Figure 3: The impact of antimicrobial exposure on survival over time. HR: hazard ratio; CI: confidence interval; OS: overall survival; BCS: breast cancer-specific survival.

Take-Home Message

To our knowledge, this is the first study to demonstrate an association of antimicrobial exposure during treatment with breast cancer survival. It contributes to increasing evidence that immune dysregulation during cancer treatment and follow-up influences survival outcomes and may be generalizable to other cancers. These results are particularly timely for clinical practice, given the progressive incorporation of immune checkpoint inhibitors into most solid tumor treatment algorithms including that of TNBC, and suggest that the number and range of antimicrobials prescribed should be carefully considered. We anticipate this study will serve as motivation for further investigations aimed at understanding the relationship between antimicrobial exposure and cancer survival.

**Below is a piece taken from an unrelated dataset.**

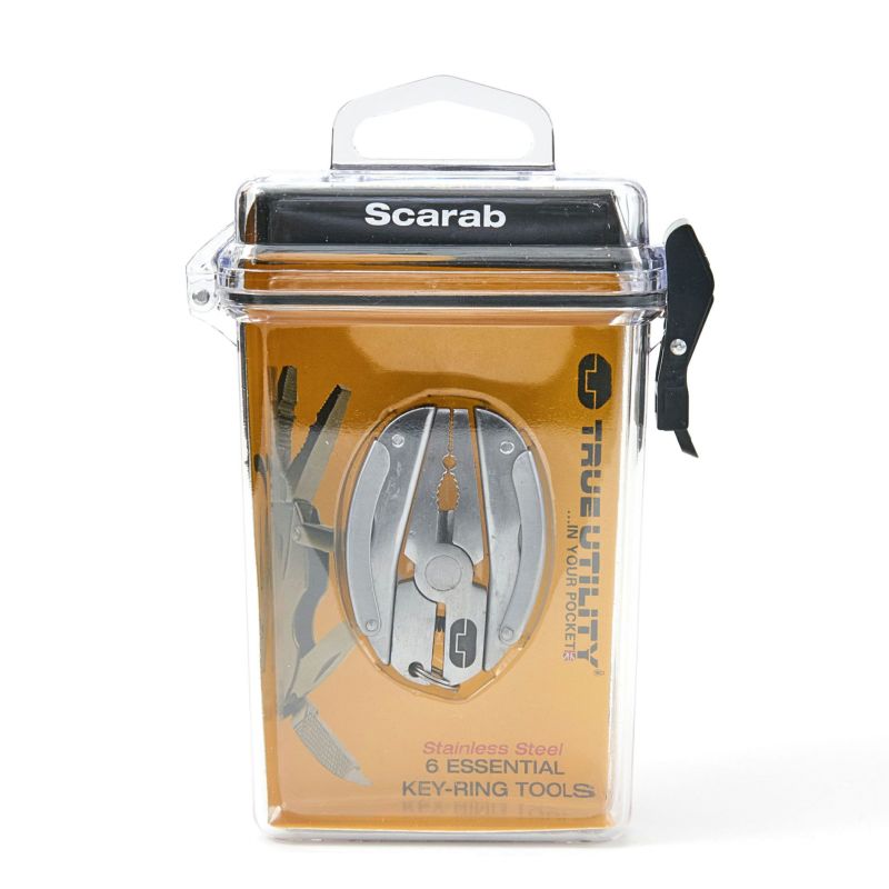 全7機能(のこぎり、ラジオペンチとワイヤーストリッパー、プラスドライバー、ナイフ、ヤスリ、マイナスドライバー、キーチェーン【取り外し可能】)のミニプライヤーツールです。 スカラベ(コガネムシ)のようにコンパクトに畳めます。

  1. Sepich-Poore, G.D., et al. The microbiome and human cancer. Science 371(2021).
  2. Gopalakrishnan, V., et al. Gut microbiome modulates response to anti-PD-1 immunotherapy in melanoma patients. Science 359, 97-103 (2018).
  3. Matson, V., et al. The commensal microbiome is associated with anti-PD-1 efficacy in metastatic melanoma patients. Science 359, 104-108 (2018).
  4. Routy, B., et al. Gut microbiome influences efficacy of PD-1-based immunotherapy against epithelial tumors. Science 359, 91-97 (2018).
  5. Lee, K.A., et al. Cross-cohort gut microbiome associations with immune checkpoint inhibitor response in advanced melanoma. Nat Med 28, 535-544 (2022).
  6. Foulkes, W.D., Smith, I.E. & Reis-Filho, J.S. Triple-negative breast cancer. N Engl J Med 363, 1938-1948 (2010).
  7. Hudis, C.A. & Gianni, L. Triple-negative breast cancer: an unmet medical need. Oncologist 16 Suppl 1, 1-11 (2011).
  8. Afghahi, A., et al. Higher Absolute Lymphocyte Counts Predict Lower Mortality from Early-Stage Triple-Negative Breast Cancer. Clin Cancer Res 24, 2851-2858 (2018).